Sie wurde auch schon berufen, im September 2022, aber es reichte nicht, der Konkurrenzkampf ist hier traditionell groß und Grohs fiel bisweilen mit Unsicherheiten auf. Ihre Sichtweise von damals jedoch hat sie sich beibehalten, es klingt nach Fußballerphrase, in ihrer Konsequenz aber erfordert sie Disziplin: „Ich konzentriere mich darauf, mich zu verbessern und meine Leistung zu bringen und damit zu überzeugen. Meine Stärke war es immer, meinen Weg zu gehen, das darf ich nicht aus den Augen verlieren.“
Dieser Weg begann in ihrer Heimat Münster beim 1. FC Gievenbeck in einer Jungs-Mannschaft, bevor sie zu den U17-Mädchen des VfL Bochum wechselte. Dass sie beim FC Bayern landete, war mehr Zufall.
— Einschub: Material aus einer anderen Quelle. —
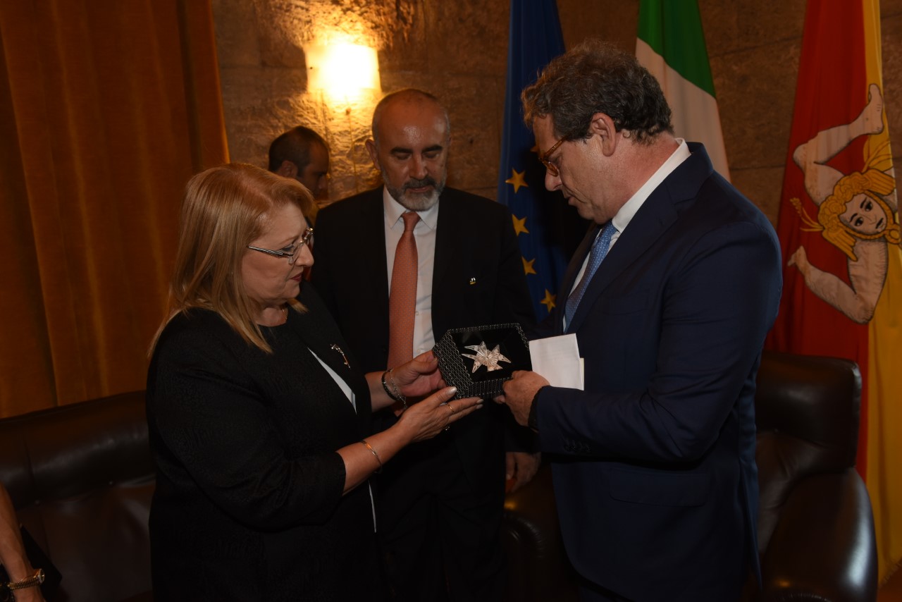 Seduta straordinaria dell’Assemblea regionale siciliana in occasione della visita a Palermo del presidente della Repubblica di Malta, Marie Louise Coleiro Preca ricevuto in visita ufficiale a Palazzo dei Normanni.
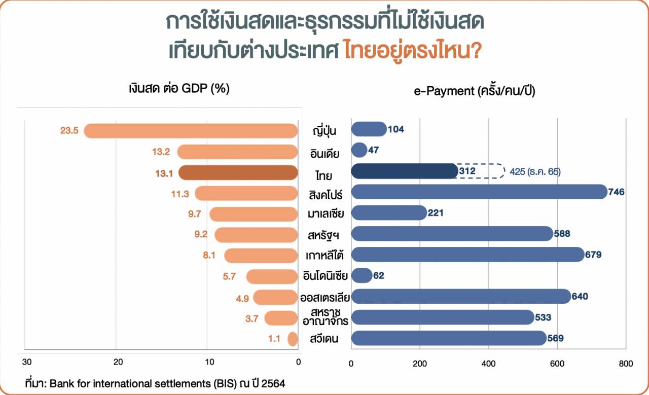 ข้อมูลจาก Bank for international settlements (BIS) เผยถึง ข้อมูลการใช้เงินสดและธุรกรรมที่ไม่ใช้เงินสด (e-Payment) ของแต่ละประเทศ พบว่า เมื่อปี 2564 ประเทศไทยเรามีการใช้เงินสดต่อ GDP มากถึง 13.1% เป็นรองเพียง ญี่ปุ่น (23.5%) และอินเดีย (13.2) ขณะที่ประเทศใกล้บ้านเราอย่าง สิงคโปร์ สัดส่วนอยู่ที่ 11.3% ต่อ GDP และมาเลเซีย อยู่ที่ 9.7% ต่อ GDP

Für ein Schulpraktikum ging sie zu Airbus nach München, Verwandte leben hier, es war eine pragmatische Entscheidung. Über den Kontakt ihres Bochumer Trainers konnte sie währenddessen beim FC Bayern im Bundesliga-Team trainieren. Der damalige Torwart-Coach Peter Kargus wollte sie halten, Grohs aber erst das Abitur abschließen. Zur Saison 2019/2020 kam sie wieder, spielte in der zweiten und trainierte mit in der ersten Mannschaft.

Im Dezember 2021 verletzte sich Stammtorhüterin Laura Benkarth. Erst erhielt Janina Leitzig den Vorzug, doch Grohs bewies sich in dieser Phase, nachdem sie Pfeiffersches Drüsenfieber, einen Bänderriss im Daumen, Corona, Schulterschmerzen, eine Herzmuskelentzündung und einen Bänderriss im Fuß überstanden hatte. „Die Situation hat mich angespornt und mental befreit, weil ich wusste: Ich habe eine ganz neue Chance“, sagt Grohs. Unter Trainer Alexander Straus etablierte sie sich ab Sommer 2022 als Nummer eins. „Mala war auf den Punkt da. Sie hat den Kampf angenommen und geliefert“, sagt Bayerns Torwarttrainer Michael Netolitzky. „Ich habe immer viel in ihr gesehen, aber dass sie sich so gut entwickelt, hätte ich anfangs nicht geglaubt. Da kam viel von ihr.“
Mit 1,80 Metern bringt Grohs gute Voraussetzungen mit, für die nötige Athletik verbrachte sie viele Stunden im Kraftraum. Sowohl Netolitzky als auch Straus loben die mentale Stärke ihrer Torhüterin, ihre Souveränität und ihr Selbstbewusstsein. Grohs schnürt dieses Paket mit einer rationalen Art, die analytische Denkweise aus ihrem Maschinenbau-Studium an der TU München überträgt sie auf den Fußball. All die Stimmen blendete sie aus, die ihr über die Jahre sagten, sie müsse an ihrer Ausstrahlung arbeiten und zu einem extrovertierten Typ werden. „Das werde ich auch nicht sein. Für die Tor-Position haben viele so ein festes Bild im Kopf, aber es geht auch anders“, findet Grohs. „Ich bin nicht laut, aber ich versuche, in den richtigen Momenten zu kommunizieren.“
In gewisser Weise verläuft ihr Weg parallel zur Entwicklung des gesamten Teams: Das Fundament war da, wie Grohs es beschreibt, dann kam der entscheidende Moment, dass strukturell „an den richtigen Stellschrauben zum richtigen Zeitpunkt gedreht“ wurde. In der Doku über das Frauen-Team sagt Maria Luisa Grohs, sie sei mehr als die Fußballerin und sie könne auch noch mehr. Dieses Bewusstsein hat sie freier gemacht, sie achtet darauf, auch ihre anderen Talente zu fördern. Früher wollte sie Astronautin werden, vielleicht sitzt sie irgendwann in einem Kontrollraum vor großen Bildschirmen. Aber erst mal möchte sie vor allem Fußballerin des FC Bayern sein – und gerne auch des Nationalteams.